Note that `f` is undefined, hence the `call` instruction. Predictably, if we provide a trivial definition for `f`:
```C++
leaf::result<int> f()
{
return 42;
}
leaf::result<int> g()
{
BOOST_LEAF_AUTO(x, f());
return x+1;
}
```
We get:
```x86asm
g(): # @g()
mov rax, rdi
mov dword ptr [rdi], 43
mov dword ptr [rdi + 16], 3
ret
```
With a less trivial definition of `f`:
```C++
leaf::result<int> f()
{
if( rand()%2 )
return 42;
else
return leaf::new_error();
}
leaf::result<int> g()
{
BOOST_LEAF_AUTO(x, f());
return x+1;
}
```
We get ([Godbolt](https://godbolt.org/z/87Kezzrs4)):
```x86asm
g(): # @g()
push rbx
mov rbx, rdi
call rand
test al, 1
jne .LBB1_2
mov eax, 4
lock xadd dword ptr [rip + boost::leaf::leaf_detail::id_factory<void>::counter], eax
add eax, 4
mov dword ptr fs:[boost::leaf::leaf_detail::id_factory<void>::current_id@TPOFF], eax
and eax, -4
or eax, 1
mov dword ptr [rbx + 16], eax
mov rax, rbx
pop rbx
ret
.LBB1_2:
mov dword ptr [rbx], 43
mov eax, 3
mov dword ptr [rbx + 16], eax
mov rax, rbx
pop rbx
ret
```
Above, the call to `f()` is inlined:
* `.LBB1_2`: Success
* The atomic `add` is from the initial error reporting machinery in LEAF, generating a unique error ID for the error being reported.
## Benchmark matrix dimensions
The benchmark matrix has 2 dimensions:
1. Error object type:
a. The error object transported in case of a failure is of type `e_error_code`, which is a simple `enum`.

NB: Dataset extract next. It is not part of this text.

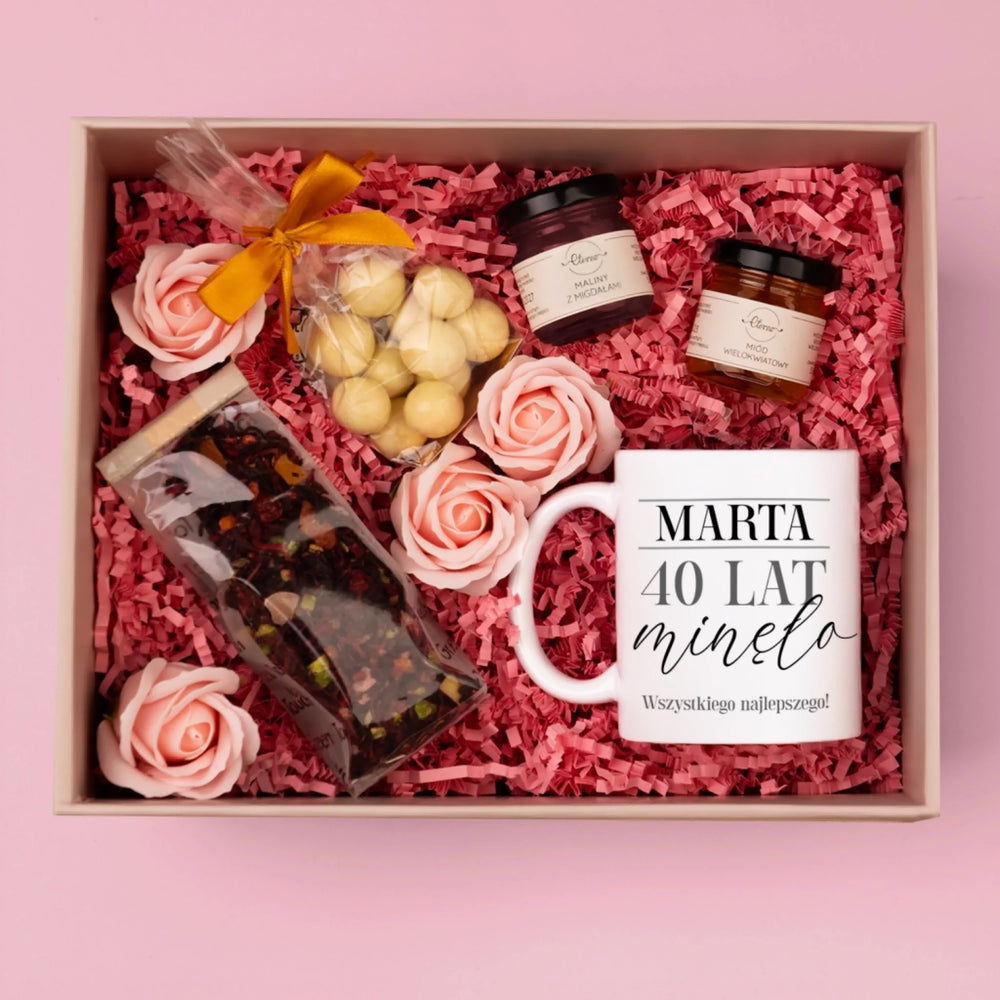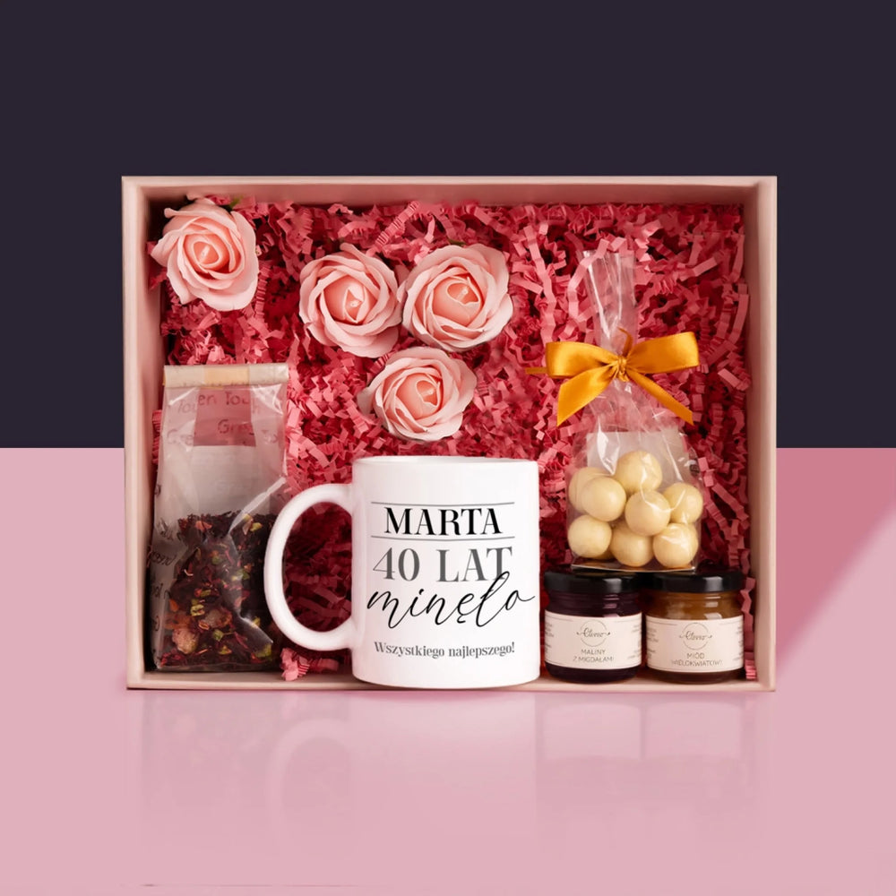 Fotokolaż: 40 Lat Minęło - Zestaw prezentowy z kubkiem, herbatą i słodkościami

b. The error object transported in case of a failure is of type `struct e_system_error { e_error_code value; std::string what; }`.
c. The error object transported in case of a failure is of type `e_heavy_payload`, a `struct` of size 4096.
2. Error rate: 2%, 98%
Now, transporting a large error object might seem unusual, but this is only because it is impractical to return a large object as *the* return value in case of an error. LEAF has two features that make communicating any, even large error objects, practical:
* The return type of error neutral functions is not coupled with the error object types that may be reported. This means that in case of a failure, any function can easily contribute any error information it has available.
* LEAF will only bother with transporting a given error object if an active error handling scope needs it. This means that library functions can and should contribute any and all relevant information when reporting a failure, because if the program doesn't need it, it will simply be discarded.
## Source code
[deep_stack_leaf.cpp](deep_stack_leaf.cpp)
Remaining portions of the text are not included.